Red Tegus are nice when babies. But all the old ones I see on the web seem to lose their patterns and just become all red and smeared. Black n white don't lose their patterns even when full grown.

Do all reds lose their patterns? Why? Anyone know?


----------



## Tegu_torch (Dec 8, 2017)

I'e said the same thing... my tegu is over a year now and still has his patterns and they are really deep colors and lots of contrast... was hoping to find a female like him because I admit I rarely see Reds with deep contrast even after the first year ... I'll post some pics of mine below... its seem his colors actually get deeper with age... I'll post some of his younger pics also... the top pic of him on my chest there was a ton of son he looks a little lighter but his Reds are really deep...


----------



## Walter1 (Dec 8, 2017)

Tegu_torch said:


> I'e said the same thing... my tegu is over a year now and still has his patterns and they are really deep colors and lots of contrast... was hoping to find a female like him because I admit I rarely see Reds with deep contrast even after the first year ... I'll post some pics of mine below... its seem his colors actually get deeper with age... I'll post some of his younger pics also... the top pic of him on my chest there was a ton of son he looks a little lighter but his Reds are really deep...

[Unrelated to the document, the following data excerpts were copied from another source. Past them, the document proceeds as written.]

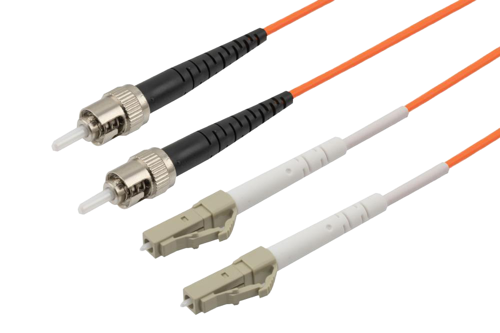 FSM1-D2OR-LCST-2 Fiber Jumper, Multi Mode 62.5/125 OM1, Duplex 2.0mm Orange Riser Rated PVC (OFNR) LC-UPC/ST-UPC, 2m
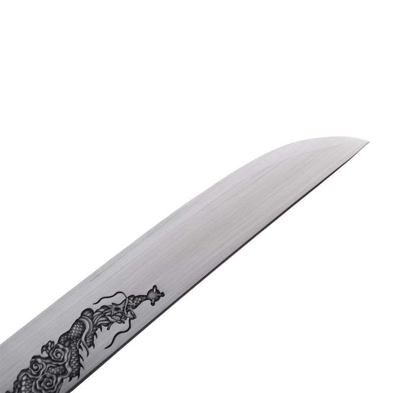 - Blade Material: Spring Steel (1065 Steel) Oil quenching - Hamon: No Hamon - Sharpness: Sharp - Tang: Full Tang - Blade colour :Blace baking process / Corrosion engraving
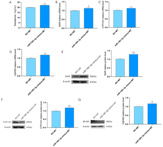 To prove whether miR-7481-3p was involved in melatonin inhibiting testosterone synthesis in rooster Leydig cells, we overexpressed miR-7481-3p for 12 h and then treated with melatonin for 36 h. The results showed that the overexpression of miR-7481-3p could also reverse the inhibitory effects of melatonin on testosterone levels and the expression of StAR, 3β-HSD, and CYP11A1 in rooster Leydig cells (p < 0.05, Figure 7A–G). These results indicated that the inhibitory effect of melatonin on testosterone was achieved by down-regulating the expression of miR-7481-3p.
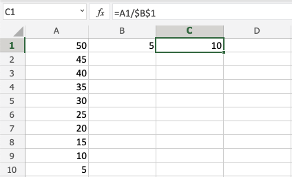 Goob job! You have successfully used absolute reference to divide B1(5) with the range A1:A10.
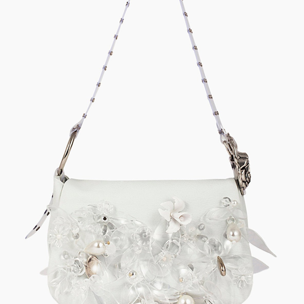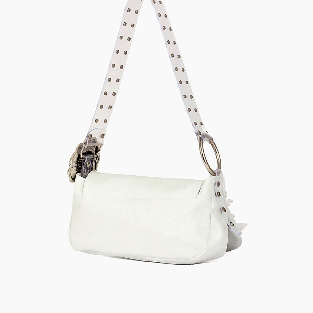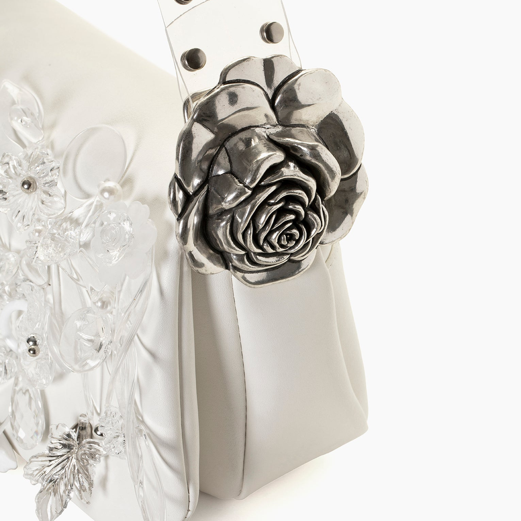 Supported by a 48cm long plastic crystal handle (5cm wide) adorned with studs and finished with a 925 sterling silver rose-shaped closure -
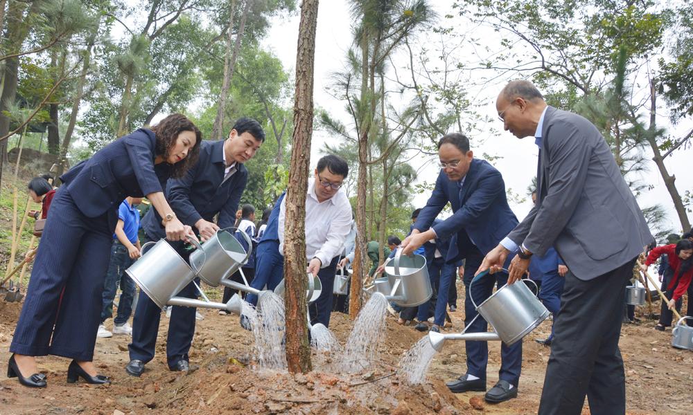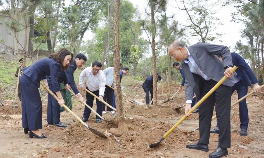Ngay sau lễ phát động, đồng chí Phó Bí thư Thường trực Tỉnh ủy Nguyễn Thị Hương cùng các đồng chí lãnh đạo và các đại biểu tham gia trồng gần 100 cây thông tại Đền thờ Bác Hồ (phía Bắc Đền Bà Chúa Kho).
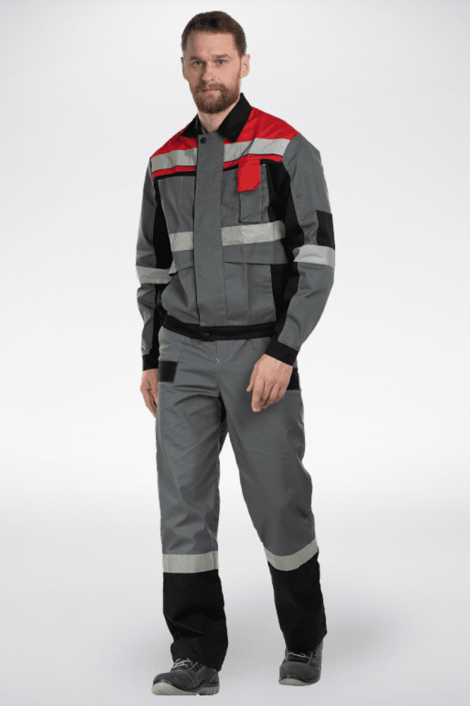 Костюм представлен укороченной курткой и полукомбинезоном. Световозвращающие полосы, расположенные по полочкам, спинке, брючинам, кокетке, рукавам, позволяют использовать данный вид специальной одежды в условиях плохой видимости. Полукомбинезон снабжен боковыми накладными карманами с усилениями, эластичной лентой по талии и в бретелях. У куртки - притачный пояс на резинке с супатной застежкой на молнию. Кроме того, у куртки множество функциональных карманов, один из которых для телефона с клапаном на липучке. Пропитка: ВО. ГОСТ: 27575-87.
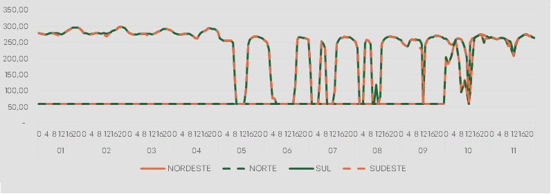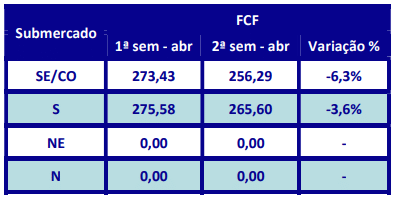 A Função de Custo Futuro (FCF), divulgada pela CCEE para a semana em curso, aponta queda nos preços esperados para o Sul e Sudeste, com uma variação de aproximadamente 4% e 6% em relação à semana anterior, respectivamente. Por sua vez, os demais submercados não apresentam alterações.
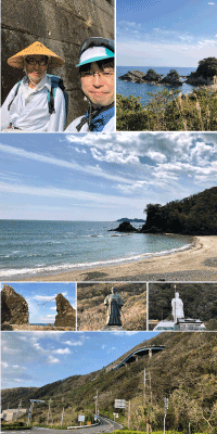 お勤めの為、本堂に。 すると、同じ宿坊に泊まってた方がちょうど出発するところで、お勤めには行かずに先を急ぐとのこと。 僕が今日の目標は室戸岬と話すと、 「室戸岬着くのはは2~3日後かな」。 改めて歩き遍路さんの過酷さを感じました。 お勤めでは、参加者は僕1人だけで少し緊張しながら本堂の中に入ります。正座をしてお経を聞くと思っていましたが、椅子に案内されお経が始まりました。 住職さんのお経は、ずっしりと体の中に響き圧倒されるものでした。 般若心経を読むくだりになり、本物を聞いて勉強しようと耳を澄ませる。すると、太鼓がリズムに合わせて入り、お経がはっきりと聞き取れず・・・ お勤めのあと、住職さんからお寺についてのお話をしていただきました。 本堂の裏にお秘仏が祀ってあると聞き、裏にまわってみると、ひっそりとお賽銭箱が置かれていた。 こちらにも手を合わせて薬王寺の巡礼は終了。 さて、ここから70㎞越えの長旅だ! |
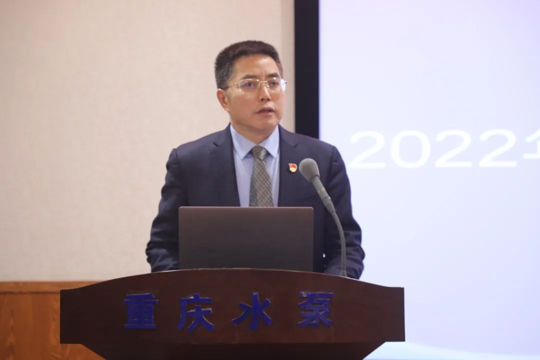 公司黨委副書記、紀委書記、工會主席李衛作了《深學黨的二十大精神,全面從嚴治黨,奮力書寫重泵公司高質量發展新篇章》的黨委工作報告,副總經理潘志敏作了市場和質量工作報告,副總經理何智奎作了生產運行報告,財務副總監劉佳玲作了財務工作報告,總工程師馬文生作了技術創新工作報告,副總工程師冉宏民、白小榜也分別就分管工作作了專題報告,黨委副書記、總經理張波作了講話。
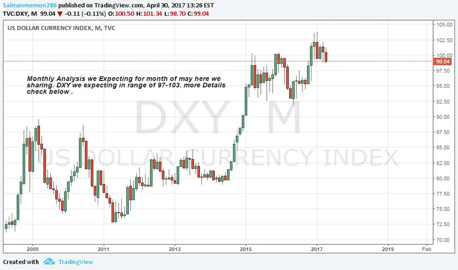 If we see DXY trading in range of 98-104 for few months and also 98 level is Strong support for it too breakage may call for more low but as monthly we can expect low around 97 where high 103. If we talk about other pairs.
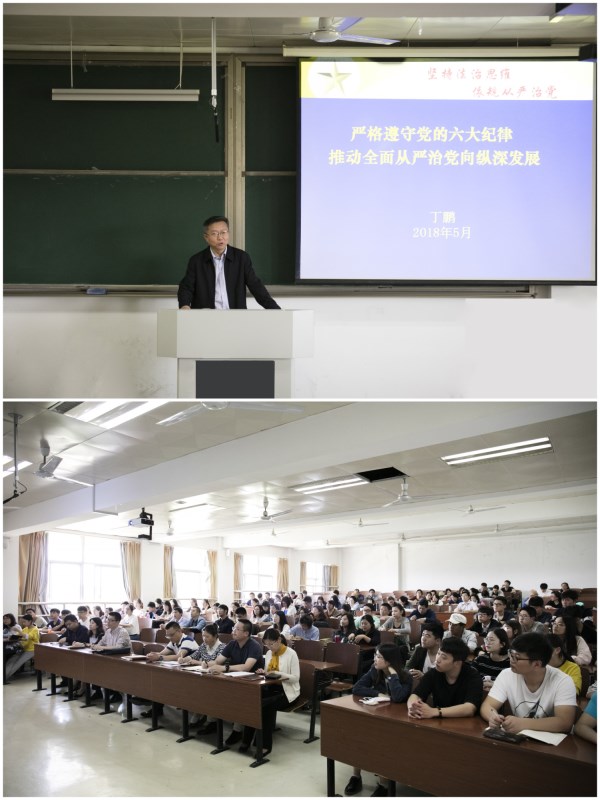 会上,丁书记以“严格遵守党的六大纪律,推动全面从严治党向纵深发展”为主题做报告。他从全面从严治党的背景入手,介绍了十八大以来全面从严治党取得的成就。丁书记提出,全面从严治党最根本是要用纪律管住全党,核心是加强党的领导,基础在全面,关键在严;学习《准则》、《条例》要做到“心中有戒”;要以严格执纪保证党纪严肃性。他带领大家学习了《中国共产党廉洁自律准则》和《中国共产党纪律处分条例》,并对违反党的六大纪律行为案例进行分析。

 I know very little about reds. Of all that I've seen, though, live and photos, hatchlings are patterned, and adults are not. Maybe not all. I don't know. Is it possible that yours is a hybrid? I ask because it has partly a black and white look to it.


----------



## Tegu_torch (Dec 8, 2017)

Walter1 said:


> I know very little about reds. Of all that I've seen, though, live and photos, hatchlings are patterned, and adults are not. Maybe not all. I don't know. Is it possible that yours is a hybrid? I ask because it has partly a black and white look to it.






I assumed the same his side black bar is really a deep black ... most reds have a red hue in the black side bars but Torches is completely black he almost favors the pink panthers color pattern at times when he is in shed his Reds really lighten up... the guy I had gotten him from didn' really knw much he specialized in snakes he claims he took them off the hands of a friend of his and sold him to me for 200 I got the feeling the clutch was accidental... and i couldnt really tell how amazing his colors would be... neither did they if they did they definitely could have charged way more like in the 500 range... I wish I had bought two...


----------



## Walter1 (Dec 8, 2017)

Tegu_torch said:


> I assumed the same his side black bar is really a deep black ... most reds have a red hue in the black side bars but Torches is completely black he almost favors the pink panthers color pattern at times when he is in shed his Reds really lighten up... the guy I had gotten him from didn' really knw much he specialized in snakes he claims he took them off the hands of a friend of his and sold him to me for 200 I got the feeling the clutch was accidental... and i couldnt really tell how amazing his colors would be... neither did they if they did they definitely could have charged way more like in the 500 range... I wish I had bought two...


Yup. a good mix of color and pattern.


----------



## Zyn (Dec 8, 2017)

He's still pretty small I'd give it a while more but I'd look at tegu nations photos his looks like that with high contrast


----------



## Tegu_torch (Dec 9, 2017)

Zyn said:


> He's still pretty small I'd give it a while more but I'd look at tegu nations photos his looks like that with high contrast




Tegu nation are they on instagram? I may already follow him..


----------